Мария все-таки поднялась, но рядом с ней за столом сидела Комариха. Кузьма сразу понял, в чем дело.

– Ты уж прибежала. – Он готов был выбросить Комариху за дверь. – Почуяла. Как ворона на падаль.

– Я не к тебе пришла, и ты меня не гони, – затараторила Комариха. – Я вот к Марии пришла, по делу.

– Знаю я, по какому ты делу пришла.

– По какому надо, по такому и пришла.

– Вот-вот.

Мария, сидевшая неподвижно, повернулась.

– Ты, Кузьма, в наши дела не лезь. Не нравится – уйди в другую комнату или еще куда. Не бойся, Комариха, давай дальше.

– Я не боюсь. – Комариха достала откуда-то из-под юбки карты, косясь на Кузьму, стала раскладывать. – Поди, не ворую – чего мне бояться. А на всех если внимание обращать, нервов не хватит.

– Сейчас она тебе наворожит! – усмехнулся Кузьма.

– А как карты покажут, так и скажу, врать не стану.

– Где там – всю правду выложишь!

Мария повернула голову, с затаившейся болью сказала:

– Уйди, Кузьма!

Кузьма сдержался, умолк. Он ушел на кухню, но и здесь было слышно, как Комариха плюет на пальцы, заставляет Марию вытягивать из колоды три карты, бормочет:

– А казенный дом тебе, девка, слава те господи, не выпал. Врать не стану, а нету. Вот она, карта. Будет тебе дальняя дорога – вот она, дорога, и бубновый интерес.

– Ага, орден в Москву вызовут получать, – не выдержал Кузьма.

– И будут у тебя хлопоты, большие хлопоты – не маленькие. Вот они, здесь. До трех раз надо. – Видно, Комариха собрала карты. – Сними-ка, девка. Хотя нет, подожди, тебе снимать нельзя. Надо, чтобы был чужой человек, который не ворожит. У тебя ребятишки дома?

– Нету.

– Ах ты, беда!

– Да давай сниму, – сказала Мария.

– Нет, нельзя, карта другая пойдет. Эй, Кузьма! – ласково запела Комариха. – Иди-ка к нам сюда на минутку. Ты на нас, грешных, не серчай. У тебя свое поверье, у нас свое. Сними-ка нам, дружок, шапку с колоды.

– Язви тебя! – Кузьма подошел и толкнул сверху карты.

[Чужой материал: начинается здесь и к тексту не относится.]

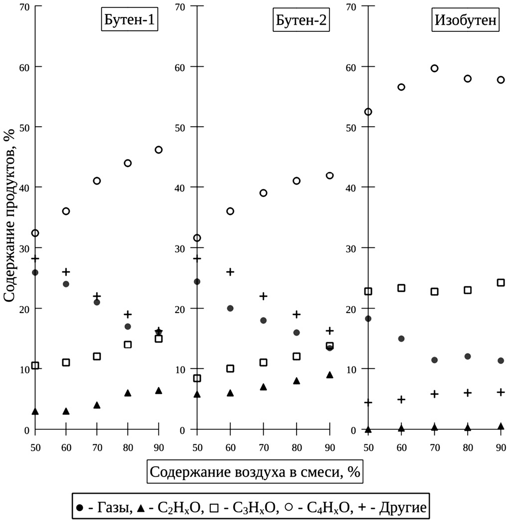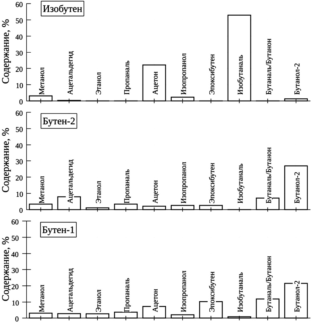 На образование продуктов реакции значительное влияние оказывает молекулярная масса и строение молекулы исходного олефина. В ряду этилен–пропилен–бутилен повышается содержание кислородсодержащих веществ с 28.1, 74.3 и 66.7 мас. % соответственно. При окислении изобутена преимущественно образуются изомасляный альдегид и ацетон с содержанием 53 и 21 мас. % соответственно. В случае окисления нормальных бутенов основным продуктом является бутанол-2 (до 26 мас.%), при этом положение двойной связи в исходном олефине не оказывает существенное влияние на состав продуктов окисления.

– Вот так. У меня зять тоже не верил, партейный был – как же! – а как в сорок восьмом под суд его отдали, в тот же вечер ко мне за молитвой прибежал.

Она раскладывала карты вниз картинками, продолжала:

– Это ведь до поры до времени не верят, пока жизнь спокойная. А случись беда, да не так чтоб просто беда, а беда с горем – сра-а-зу и про Бога вспоминают и про слуг его, которым в глаза плевали.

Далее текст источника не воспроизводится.